I'll estimate there is only the exception of 50~70 investment management firms out there who have strategies or positions that are worthy of a heist or a frontrun. If you aren't one of them, it is really silly for an account manager to go rogue and steal your account statements to decipher your strategy - because this is obviously illegal, but more because it is a crime of the same level as a McDonalds staff stealing ketchup from the counter. However, if you are trading for one of these 50~70 firms, and deleveraging a $100 billion portfolio in a day, don't expect the secret to stay with your broker. (See safety net 3.) But odds are that there are already measures in place to conceal your positions, i.e. you clear your own trades and/or have various sources of liquidities - multiple brokers, ECNs, OTC counterparties, dark pools.

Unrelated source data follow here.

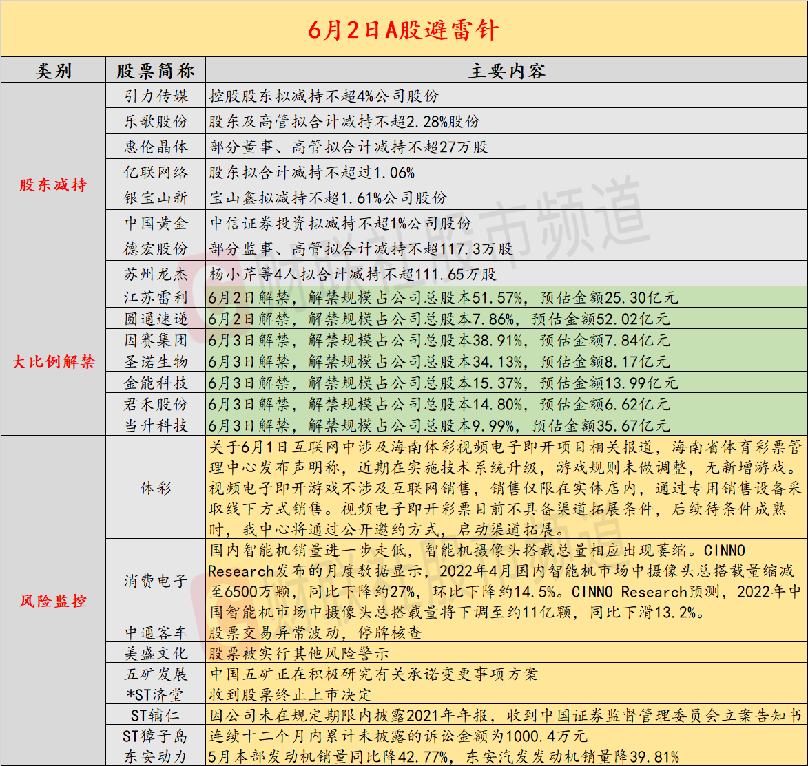 昨日A股拟减持规模较之前有所增多,引力传媒控股股东拟减持不超4%公司股份,乐歌股份股东及高管拟合计减持不超2.28%股份;因赛集团、江苏雷利将迎来超三成以上解禁;富时中国A50指数剔除智飞生物、格力电器、中国石油;中通客车股票交易异常波动,停牌核查;海南省体彩回应视频即开彩票上市,视频电子即开游戏不涉及互联网销售,销售仅限在实体店内;美盛文化股票被实行其他风险警示;美股三大指数集体收跌,热门中概股多数走低。
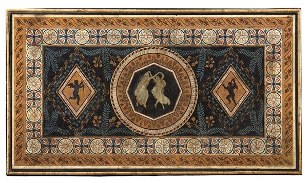 Piano in scagliola decorata in stile classico, centrato da ottagono con danzatrici, ai lati amorini entro rombi tra fiori e motivi vegetali. Cornice a doppio ordine con elementi stilizzati e foglie. Base in legno con fascia e gambe sagomate. Secolo XIX (cm 100x39x55) (difetti)
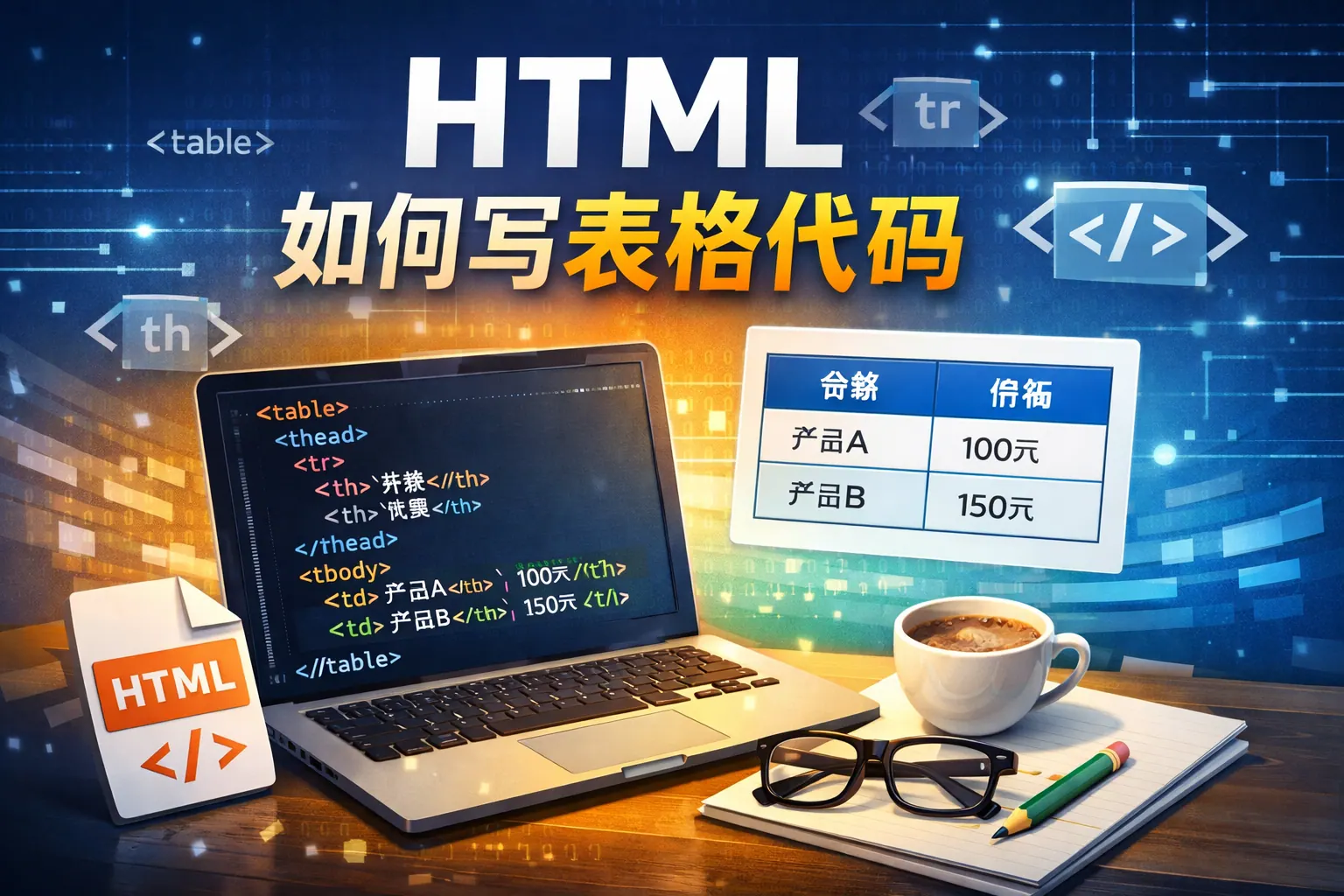 html如何写表格代码
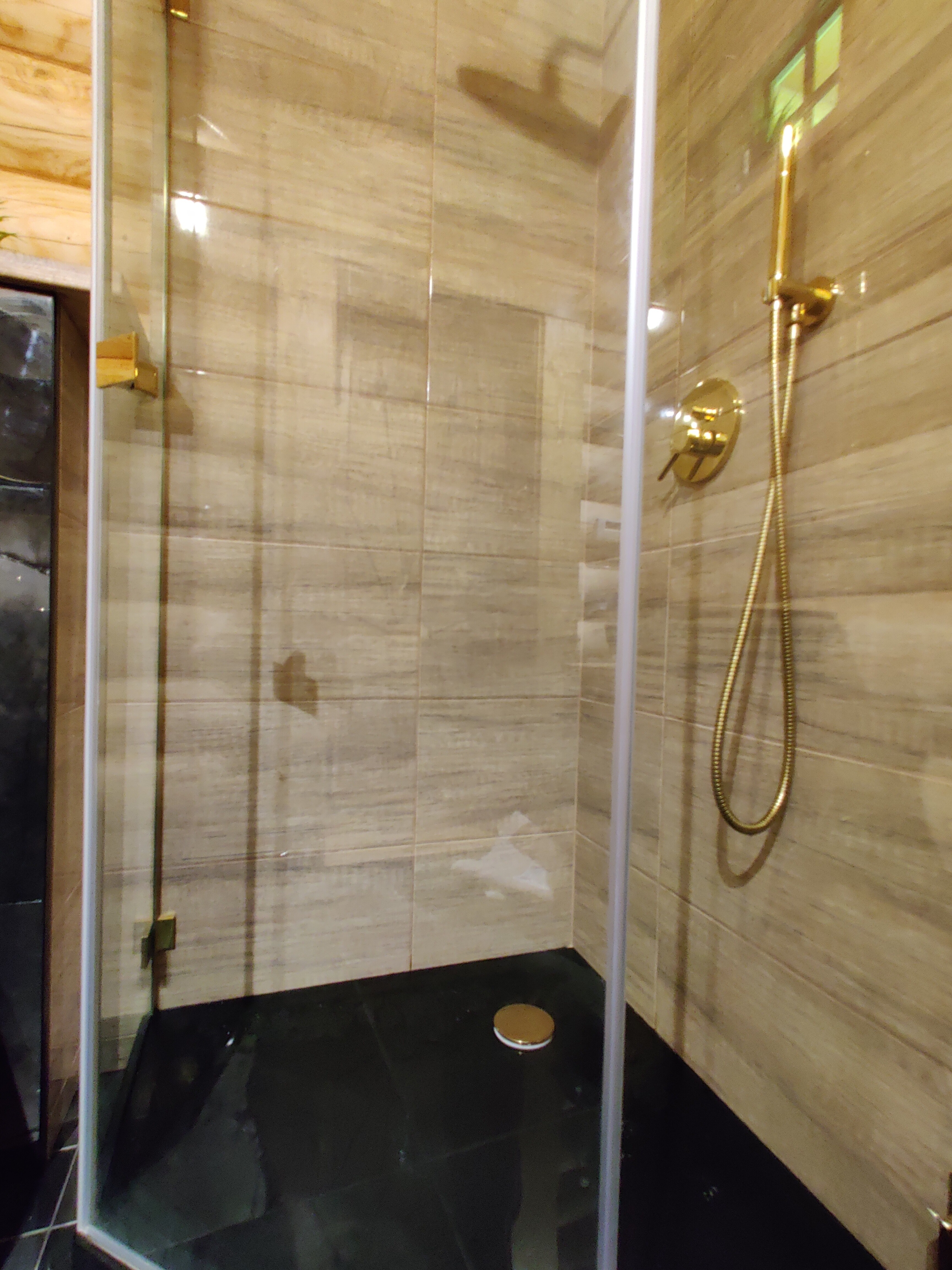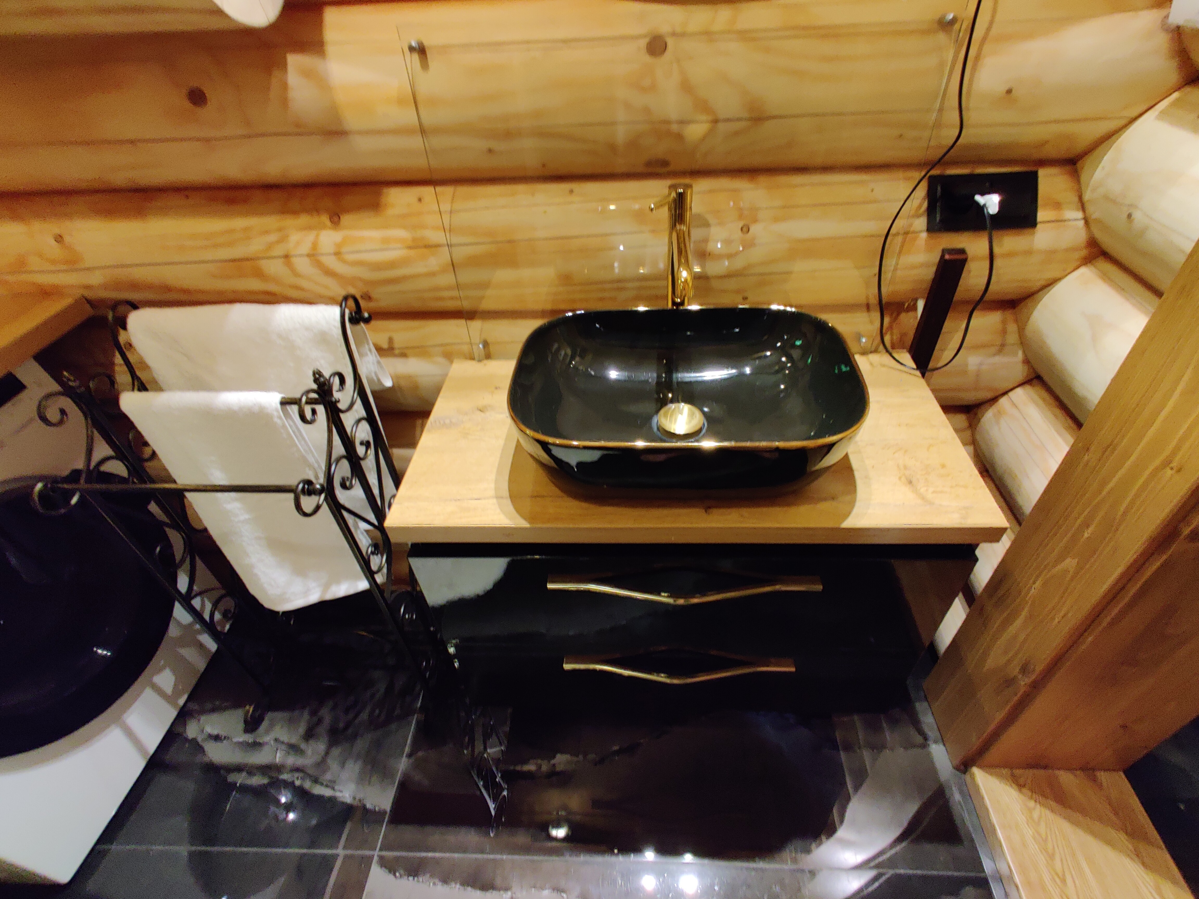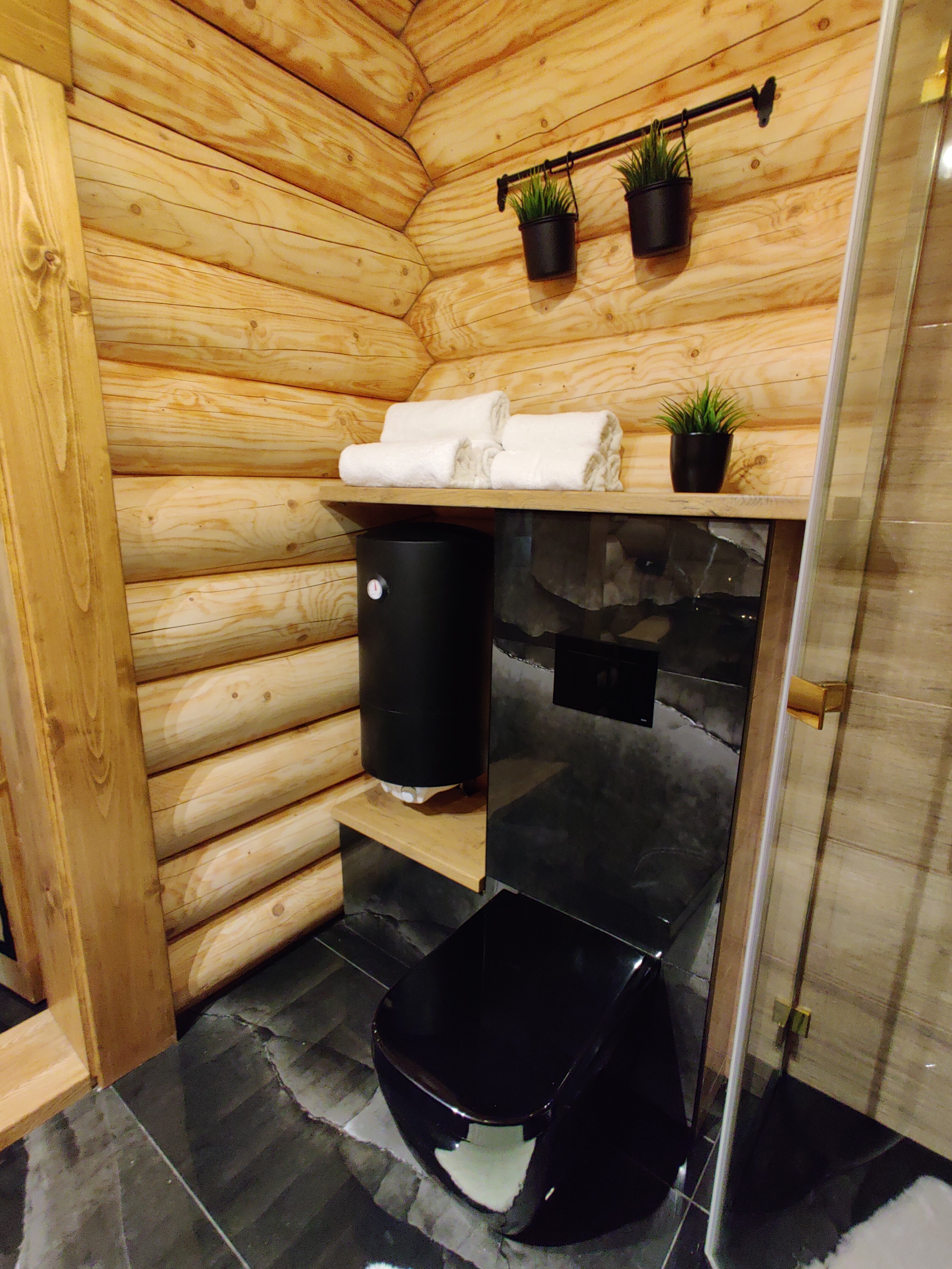 Domek wyposażony jest w pralko-suszarkę, lodówkę, zmywarkę, suszarkę, zestaw do prasowania, expres do kawy, Smart TV, gry planszowe jacuzzi oraz w pełni wyposażoną kuchnie
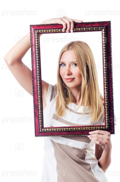Женщина с фоторамкой на белом
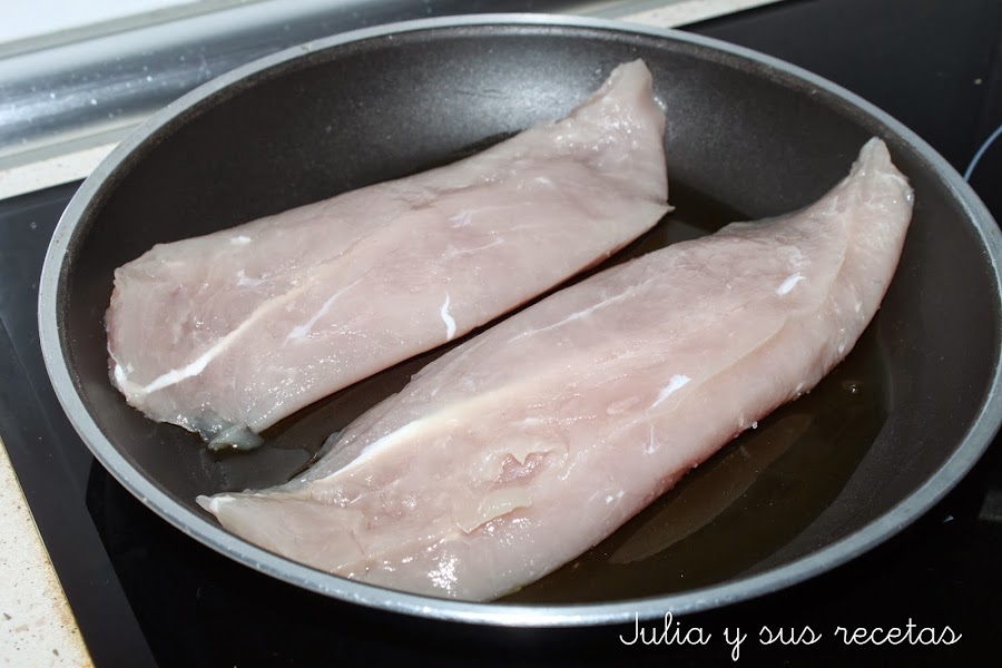 Le ponemos sal a los solomillo y los sofreímos en un poquito aceite.
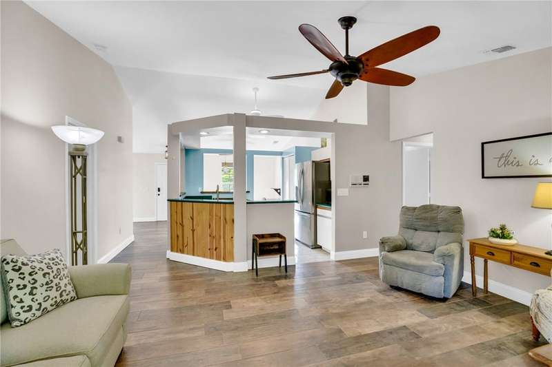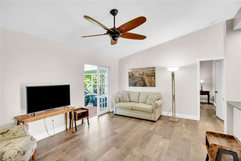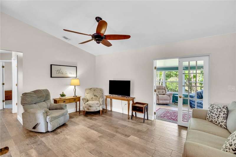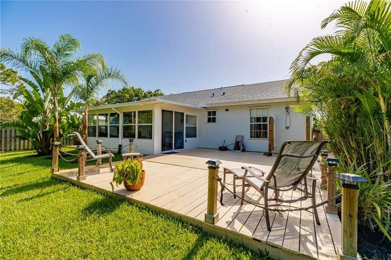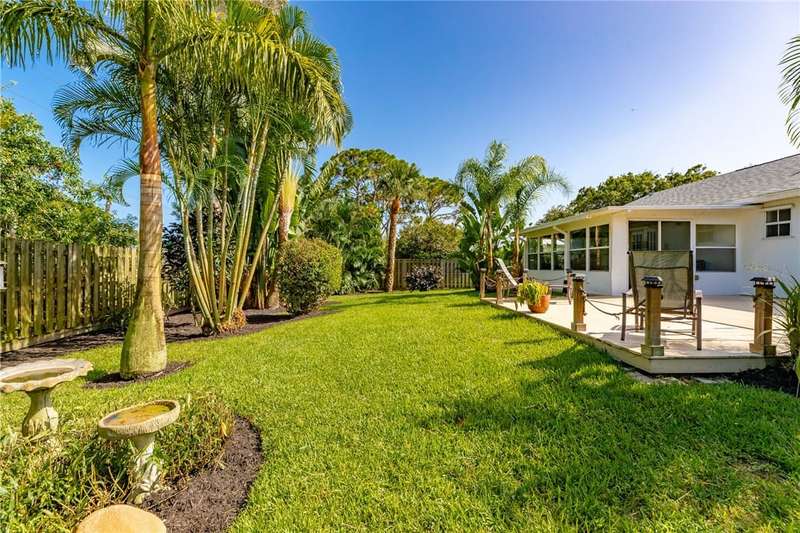 Charming 3 bed, 2 bath home in Sebastian Highlands! Formal dining room, living room, office/flex room, and a large enclosed Florida room with AC. Tile throughout living areas and primary suite. A lushly landscaped, fenced-in backyard with extended patio and deck, outdoor shower, and irrigation system. Newer, oversized paver driveway, full set of storm shutters, 2018 roof, 2022 AC, 2018 water heater, and whole house re-piped in 2023. Offered fully furnished and move-in ready. Perfect for seasonal living or a vacation rental! rmszappr&sub2err

Safety net 2: Even if you are one from of those 50~70 firms or manage to produce some magically consistent track record, it is still better for them to approach you to become a CTA (see @mattz's post) or the likes.
Safety net 3: This is least protective filter, but anyway, it is a violation of the Securities Act of 1933 for a brokerage to share information with a proprietary trading desk even if they are in the same entity and office, so they must be separated by a "Chinese wall". This is a grey area that securities firms often get away with. If I recall correctly, in the case of LTCM blowing up in 1998, I think it was the corporate finance division of Goldman that was proposing to refinance LTCM, and the LTCM guys, getting desperate, agreed to transfer their entire ledger for review. Later the very same day, the prop desk of Goldman was hammering the exact positions that LTCM was stuck in and selling the living daylights out. Not supposed to happen if there was a Chinese wall...
brokerage firms are commission merchants. If they are a deal desk, they trade order flow that is thousands of times what any individual or small firm routinely presents.
Guys do right algos that try to decipher and beat other algos...chasing the wind for anyone not of the absolute largest and most capable magnitude.